Taking sides is a common human activity. Many people hold the viewpoint of “us against them” on a multitude of topics. This division is self-evident in a political system, but the politics of choosing sides can invade any organization or group or company.
I have witnessed these divisive actions in schools, in companies, and in churches. Sometimes the purpose was simply to stir the pot and create chaos. More often the goal was improving one’s position of importance and achieving control and power.
How do we as leaders handle conflicts and divisive situations like these, especially when they threaten to destroy our goals and objectives? When they are a threat to the foundation of our family, organization, or company? We can long for the Lord’s decisive intervention when the earth opened and swallowed Korah’s faction against Moses (Numbers 16:32). But that’s not going to happen.
As leaders we need to be firm about keeping certain incendiary topics out of the workplace, church, or household. Those who insist on creating chaos need to be dealt with firmly. Nothing will be accomplished if we are constantly putting out fires or mediating squabbles.

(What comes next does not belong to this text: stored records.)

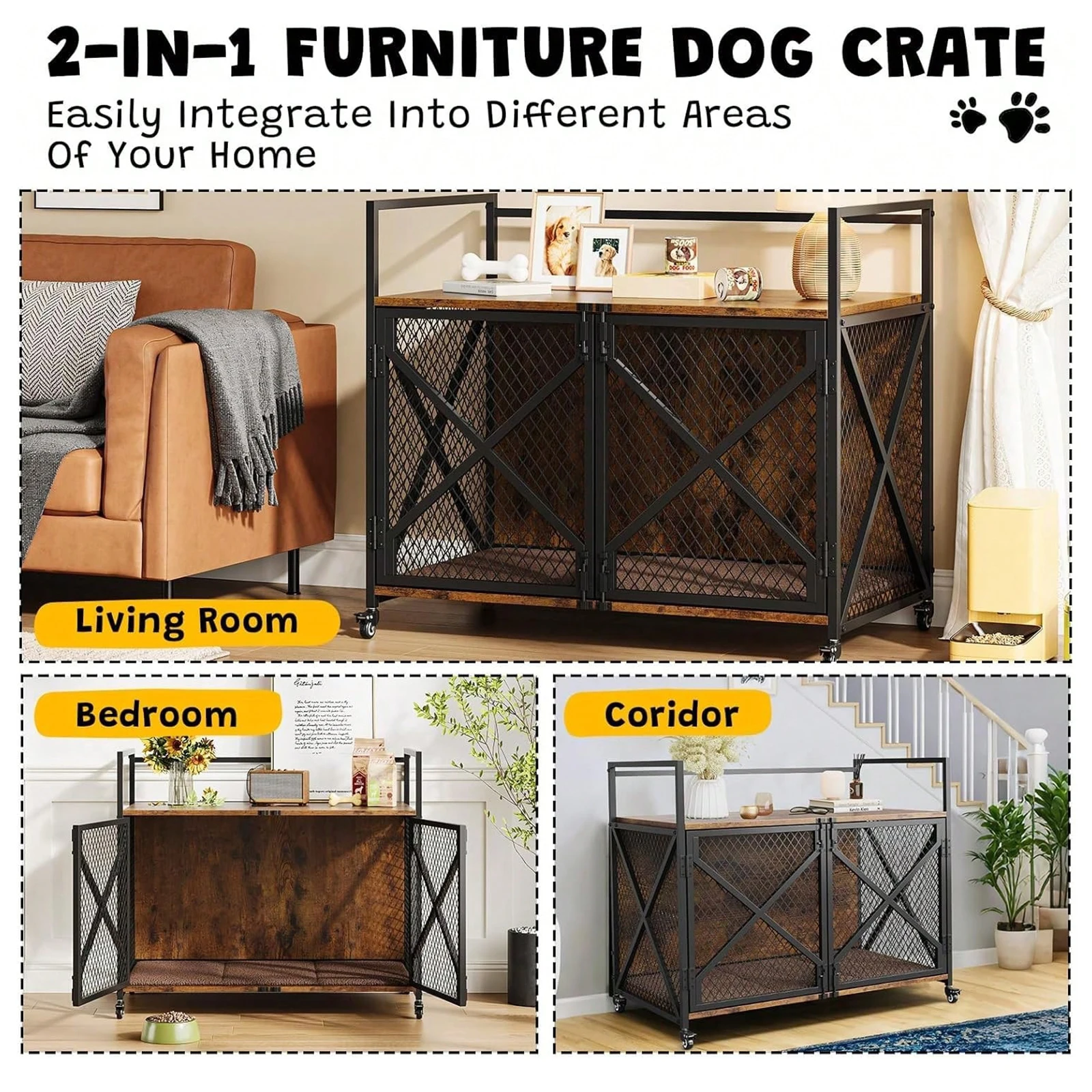 Lockable wheels for easy mobility: This dog crate is equipped with lockable wheels and can be easily moved around your home, providing flexibility in placement.
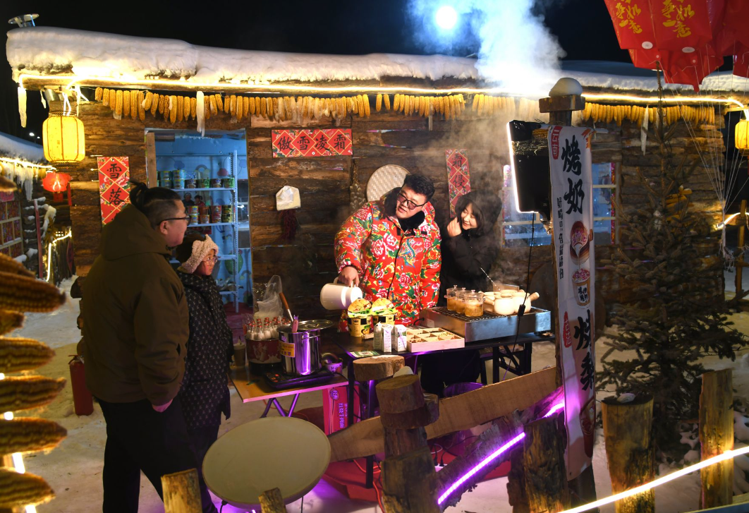 踏入雪鄉(xiāng)板塊,50個(gè)復(fù)刻北方傳統(tǒng)風(fēng)貌的院落集群映入眼簾,木柵欄上垂掛的紅燈籠與蓬松雪層相映成趣,屋檐下懸垂的雪舌、雪簾勾勒出童話般的輪廓。每個(gè)院落都藏著專屬打卡場(chǎng)景,推門而入可見(jiàn)家庭場(chǎng)景,窗外是皚皚白雪,屋內(nèi)飄著燒烤、火鍋和奶茶的醇厚香氣,瞬間驅(qū)散冬日寒意。游客穿梭其間,鈴鐺輕響,為這份雪鄉(xiāng)煙火氣增添了濃郁的民族風(fēng)情。
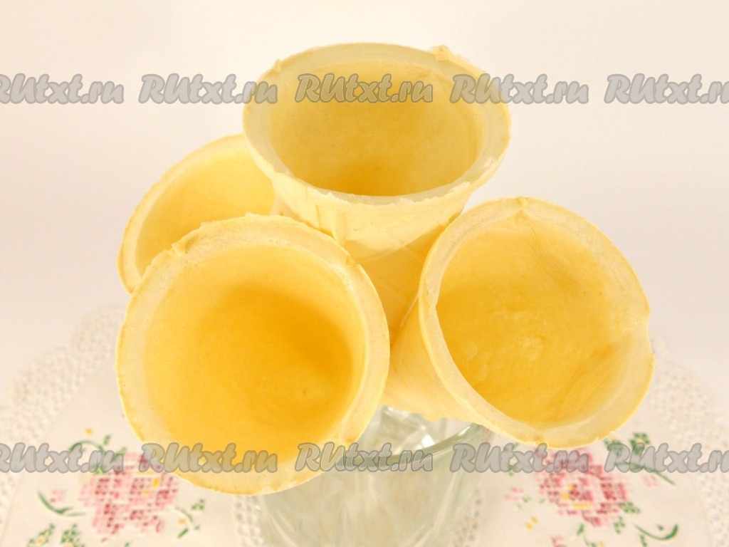 Подготовить вафельные конусы. Можно использовать и другие вафельные формочки. Ну а если таких формочек и конусов нет, можно будет просто раскладывать готовое мороженое ложкой по креманкам или тарелкам.
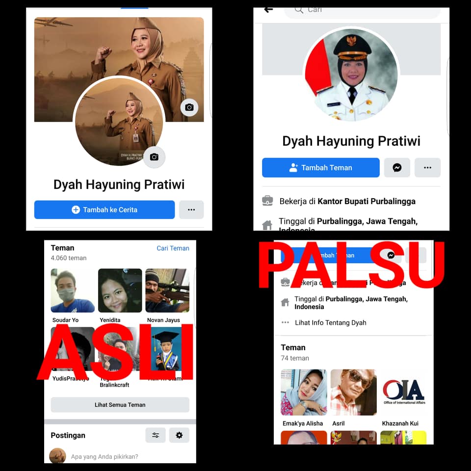 “Masyarakat jangan percaya begitu saja apabila ada akun facebook atau akun medsos yang lain mengatasnamakan Bupati Purbalingga, akun resmi dapat dilihat langsung dari profil dan juga postingan beliau di facebook,” jelasnya.
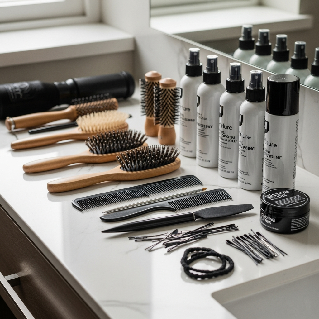 Recommended Tools and Products: Tail comb for precise parting, soft bristle brush, elastic hair tie, bobby pins, smoothing serum, light-hold hairspray.
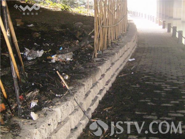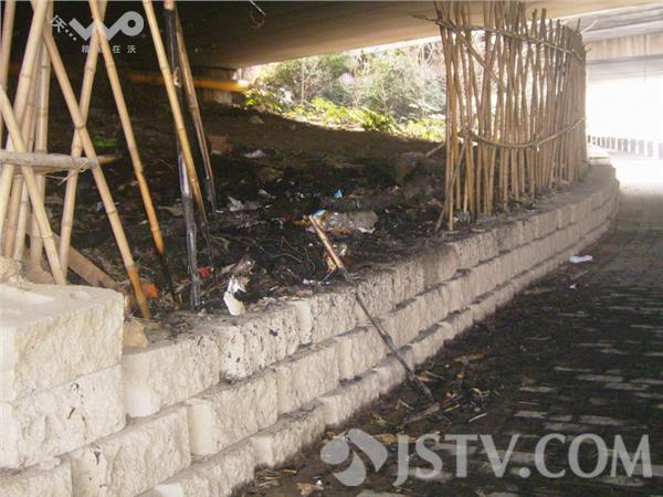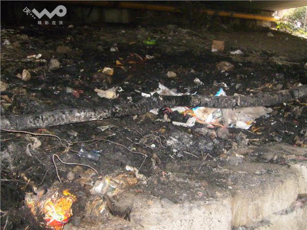 据早晨在此遛狗的大爷大妈说,这些被焚烧的不光是生活垃圾,还有一些破旧的被褥、衣物等,以前一些流浪汉经常在桥下“暂住”,留下一些破旧的衣物等生活用品,加上产生的一些生活垃圾被一起集中堆放在桥下,两天前不知被谁突然烧掉了,也不知道是流浪汉不慎点火烧毁的,还是有人故意烧毁的,据他们判断,被人故意烧毁的可能性较大,因这些杂物加上垃圾长期堆放在这里,一直不见阳光,都已经发霉变味了,估计因为怪味较大被人烧毁了,连外围的一段竹篱笆也被连带烧毁了,留下一块黑色的缺口,十分难看。
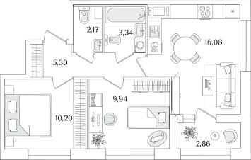 Продаётся 2-комнатная квартира в строящемся доме (Корпус 2 (секции 1, 2)), срок сдачи: I-кв. 2029, общей площадью 48.46 кв.м., на 11 этаже. Новый жилой комплекс "Аурум" от застройщика "РосСтройИнвест" расположен по адресу: г. Санкт-Петербург, Кондратьевский проспект
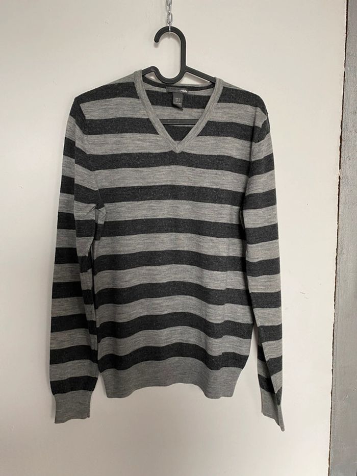 Pull rayé 2 tons de gris 100% mérinos Epaules de couture à couture 38 Sous lés aisselles 44 Hauteur 64 N’hésitez pas à faire un lot pour obtenir une réduction #pullhomme #hetm #mérinos #rayé #gris #chantalmatejapullshommes #chantalmatejadave #chantalmateja2023
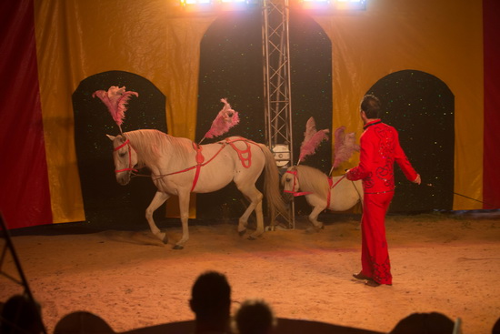 Schnell ist der Käfig entfernt und Monsieur Philippe präsentiert die Cavallerie. Zunächst erfreuen die beiden weiße Ponys Aramis und d' Artagnan die jungen Zuschauer. Ihnen folgt ein weißer Hengst. Bald gesellt sich ein Pony zu der Einzelfreiheit und als ansprechendes Groß-und-Klein nimmt die Nummer ihren Fortgang.

But sometimes it’s obvious that no matter what we say or do, that person or group isn’t going to change their behavior. The Lord Jesus recognized the reality of this kind of opposition when He said, “Whoever does not gather with me scatters” (Matthew 12:30). When my husband as pastor of a congregation faced these harmful troublemakers, he offered them the choice of ending their campaign or finding another church where they would be happier. He wasn’t about to sacrifice the wellbeing of his congregation.
Other times we attempt to heal divisions by bringing people together to iron out their differences. I used that approach with my quarrelsome young children. I made them sit on opposite ends of the couch until they could reconcile their differences. I hoped they could find something to agree about, even if it was their mutual desire to get back to playing. I wanted them to find common ground.
Even if two people or parties don’t share the same beliefs or opinions on most subjects, we can appeal to their shared interest, their common ground: the security, strength, health and well- being of our company, school, organization, or church. Hopefully this is something they can agree on, something they truly care about.
Amid all this struggle, it’s important to remember that our common ground, no matter what our other beliefs may be, is the same place. At the foot of the cross. No matter what our position, we all have equal status – sinners.
And fortunately, we have been given equal status by our Lord Jesus: forgiven children who have much better things to do than to keep up our divisions. There is so much to enjoy and share about the life we have in Him.
Ultimately, it’s not about our own position or opinion. It’s not about our own status or power. We know Whom we serve: our Lord Jesus. He’s the One who is not just on our side, He’s also by our side!